The last one has a O(log n) timing because your dividing your variable by two. Just remember than anything that reminds you of a binary search will have a log n timing.
There is also another trick to timing analysis. Say you had a loop within a loop, and within each of the two loops you were reading lines from a file or popping of elements from a stack. This actually would only be a O(n) method, because a file only has a certain number of lines you can read, and a stack only has a certain number of elements you can pop off.
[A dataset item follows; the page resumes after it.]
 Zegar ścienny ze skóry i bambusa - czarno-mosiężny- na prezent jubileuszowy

The general idea of big-O notation is this: it gives a rough answer to the question "If you're given a set of N items, and you have to perform some operation repeatedly on these items, how many times will you need to perform this operation?" I say a rough answer, because it (most of the time) doesn't give a precise answer of "5*N+35", but just "N". It's like a ballpark. You don't really care about the precise answer, you just want to know how bad it will get when N gets large. So answers like O(N), O(N*N), O(logN) and O(N!) are typical, because they each represent sort of a "class" of answers, which you can compare to each other. An algorithm with O(N) will perform way better than an algorithm with O(N*N) when N gets large enough, it doesn't matter how lengthy the operation is itself.
So I break it down thus: First identify what the N will be. In the examples above it's pretty obvious - it's the size of the input array, because that determines how many times we will loop. Sometimes it's not so obvious, and sometimes you have multiple input data, so instead of just N you also get M and other letters (and then the answer is something like O(N*M*M)).
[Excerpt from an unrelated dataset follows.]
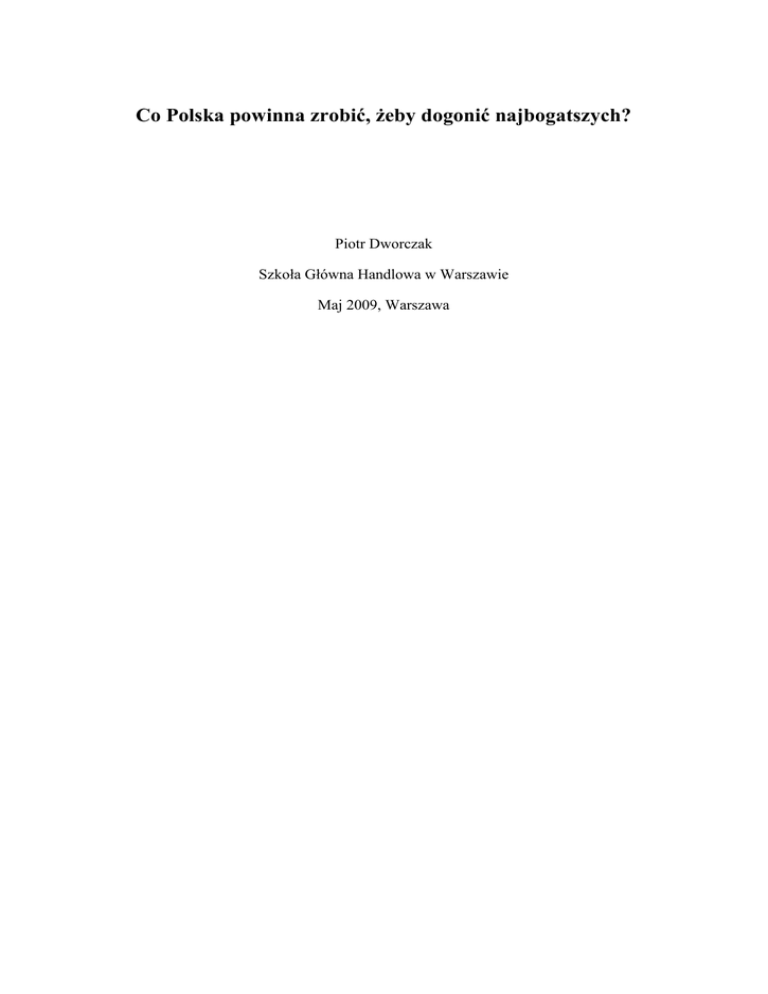 Co Polska powinna zrobić, żeby dogonić najbogatszych? Piotr Dworczak Szkoła Główna Handlowa w Warszawie Maj 2009, Warszawa Wstęp Kiedy w 1991 roku, po zastosowaniu „szokowej terapii” transformacji gospodarczej, Polska powróciła na ścieżkę wzrostu gospodarczego w nowych warunkach ekonomicznych i społecznych, PKB per capita1 stanowił jedynie 31,5%2 odpowiedniego wskaźnika obliczonego dla krajów UE 15. Przepaść dzieląca nas od zachodniej Europy była „spadkiem” odziedziczonym po ponad 40-letnim okresie panowania niewydolnego systemu gospodarczego. Obecnie dochód na osobę w krajach UE 15 jest przeciętnie 2-krotnie wyższy niż w Polsce. Z jednej strony jest to powód do zadowolenia z faktu, że odrobiliśmy część strat, z drugiej strony rodzi się pytanie, czy Polska w pełni wykorzystuje szanse i czy tempo „doganiania najbogatszych” nie mogłoby być szybsze. Problem konwergencji gospodarczej, zjawiska szybszego wzrostu PKB per capita w krajach, które dysponują niższym wyjściowym poziomem dochodu na mieszkańca, jest szeroko opisany w literaturze ekonomicznej. Najbardziej popularnym narzędziem teoretycznym objaśniającym ten proces jest neoklasyczny model wzrostu Roberta Solowa. Ze względu na swoją specyfikę (założenie o malejących krańcowych przychodach z kapitału i egzogenicznym charakterze postępu technologicznego) ma on jednak ograniczoną przydatność do formułowania wskazówek dla polityki gospodarczej. Z tego powodu w pracy posłużę się dodatkowo modelami wzrostu endogenicznego, które pozwalają wyciągnąć szerszą gamę wniosków dla Polski. Za tytułowych „najbogatszych” przyjmuję grupę UE 153, która wydaje się być najlepszym punktem odniesienia dla naszego kraju. Praca rozpoczyna się od weryfikacji hipotezy o istnieniu zjawiska zbieżności gospodarczej w Europie Zachodniej i analizy dotychczasowych źródeł konwergencji Polski względem UE 15. Pozytywna odpowiedź na pytanie o obecność konwergencji uprawnia nas do wykorzystania przytoczonych modeli wzrostu do wyciągnięcia wniosków dla polityki gospodarczej. Następnie rozważam działania związane z rynkiem pracy, które mogą przybliżyć w czasie moment dogonienia UE 15 przez Polskę. Ostatnia część zawiera podsumowanie. Rzut okiem na historię – czy możemy mówić o konwergencji w Europie? Po drugiej wojnie światowej poziom PKB per capita w Europie Zachodniej był mocno zróżnicowany. W 1950 roku wśród krajów określanych obecnie jako UE 15 stosunek poziomów PKB per capita trzech najbogatszych państw do trzech najbiedniejszych wynosił 2,96. Obecnie analogiczny wskaźnik wynosi 1,48, czyli dokładnie dwa razy mniej4. Kolejnych obserwacji dostarczają poniższe wykresy. 1 W parytecie siły nabywczej Obliczenia własne na podstawie The Conference Board, Total Economy Database, January 2009; jeśli w pracy nie podano źródła, oznacza to, że dane pochodzą z Eurostatu. 3 Kraje Unii Europejskiej według stanu sprzed rozszerzenia w 2004 roku, tzw. „stara Piętnastka”; w pracy używam zamiennie pojęć UE 15 i Europa Zachodnia. 4 Pominięty został Luksemburg ze względu na wyjątkowo wysokie PKB per capita w stosunku do wszystkich krajów. 2 1 AT IT FI LU FRBE NL 40 SE DK UK PKB per capita w 1950 roku (w PSN) Irlandia Portugalia Hiszpania 2008 2005 2002 1999 1996 1993 9 000 1990 7 000 1987 5 000 1984 3 000 1981 1 000 20 1960 2,0% 60 1978 2,5% 80 1975 DE 100 1972 3,0% 120 1969 PT 140 1966 3,5% IE 1963 GR SI Wykres 2: Konwergencja PKB per capita najbiedniejszych krajów UE 15 (UE 15 = 100) PKB per capita (UE 15=100) Przeciętne tempo wzrostu PKB per capita 1950-2008 Wykres 1: Związek między poziomem PKB per capita w 1950 roku a tempem jego wzrostu w latach 1950-2008 w krajach UE15 4,0% Rok Wykres 1 obrazuje zależność między wyjściowym poziomem PKB per capita (w 1950 r.) a tempem jego przeciętnego wzrostu w latach 1950 – 2008. Widzimy, że zależność ta jest odwrotna i bardzo silna. Kraje początkowo biedniejsze (Grecja, Hiszpania, Portugalia) cechowały się znacząco wyższym tempem rozwoju niż kraje bogate (Wielka Brytania, Szwecja, Dania). Wykres 2 pokazuje poziom PKB per capita w wybranych trzech krajach (Irlandia, Portugalia, Hiszpania) w stosunku do średniego poziomu dla UE 15 z danego okresu. Również te dane potwierdzają hipotezę o występowaniu konwergencji – wszystkie kraje osiągnęły w 2008 roku wyższy niż w okresie początkowym odsetek PKB per capita UE 15. Jednakże stopień i szybkość konwergencji były zupełnie inne. Można potraktować te trzy przypadki jako trzy scenariusze rozwoju Polski – który z nich się spełni, zależy w dużym stopniu od posunięć polityki gospodarczej. Aby dowiedzieć się czegoś o źródłach konwergencji Polski, dokonam dekompozycji wzrostu gospodarczego, przy czym wyniki będą odnoszone do pewnego poziomu referencyjnego, co pozwoli obserwować zmianę względem UE 15. Poziomem referencyjnym będą analogiczne wielkości obliczone w oparciu o dekompozycję wzrostu dla Francji, która posiada bardzo wygodną własność reprezentowania w niemal idealny sposób przeciętnego poziomu dochodu i tempa wzrostu UE 155. Posłużę się funkcją produkcji w postaci: Y = AKα L1-α, która przyjmuje intensywną postać6 y = Akα. Następujące równanie pozwoli nam zaobserwować, jak zmieniała się sytuacja Polski na tle Francji7. (1) 𝑦 𝑝𝑙 𝑦 𝑓𝑟 = 𝐴𝑝𝑙 𝑘 𝑝𝑙 𝐴𝑓𝑟 𝑘 𝑓𝑟 𝛼 Wzór (1) pozwala nam obliczyć względny poziom TFP8 w Polsce, gdyż pozostałe zmienne są obserwowalne. Tym samym będziemy mogli dokonać dekompozycji różnicy w poziomach dochodu na 5 Podobny zabieg został zastosowany w pracy Caselli [7]. Jego celem jest znaczne uproszczenie obliczeń i możliwość skorzystania z szerszego zakresu danych empirycznych. 6 Koncepcja intensywnej postaci funkcji produkcji polega na wyrażeniu poszczególnych jej argumen

Then, when I have my N figured out, I try to identify the loop which depends on N. Actually, these two things often get identified together, as they are pretty much tied together.
And, lastly of course, I have to figure out how many iterations the program will make depending on N. And to make it easier, I don't really try to count them, just try to recognize the typical answers - O(1), O(N), O(N*N), O(logN), O(N!) or perhaps some other power of N. The O(N!) is actually pretty rare, because it's so inefficient, that implementing it would be pointless.
If you get an answer of something like N*N+N+1, then just discard the smaller ones, because, again, when N gets large, the others don't matter anymore. And ignore if the operation is repeated some fixed number of times. O(5*N) is the same as O(N), because it's the ballpark we're looking for.
Added: As asked in the comments, here are the analysis of the first two methods:
The first one is easy. There are only two loops, the inner one is O(N), and the outer one just repeats that 3 times. So it's still O(N). (Remember - O(3N) = O(N)).
The second one is tricky. I'm not really sure about it. After looking at it for a while I understood why it loops at most only 50 times. Since this is not dependant on N at all, it counts as O(1). However, if you were to pass it, say, an array of only 10 items, all positive, it would go into an infinite loop. That's O(∞), I guess. So which one is it? I don't know...
I don't think there's a formal way of determining the big-O number for an algorithm. It's like the halting problem. In fact, come to think of it, if you could universally determine the big-O for a piece of code, you could also determine if it ever halts or not, thus contradicting the halting problem. But that's just my musings.
Typically I just go by... dunno, sort of a "gut feeling". Once you "get" what the Big-O represents, it becomes pretty intuitive. But for complicated algorithms it's not always possible to determine. Take Quicksort for example. On average it's O(N*logN), but depending on the data it can degrade to O(N*N). The questions you'll get on the test though should have clear answers.
The second one is 50 because big O is a function of the length of the input. That is if the input size changes from 1 million to 1 billion, the runtime should increase by 1000 if the function is O(N) and 1 million if it's O(n^2). However the second function runs in time 50 regardless of the input length, so it's O(1). Technically it would be O(50) but constants don't matter for big O.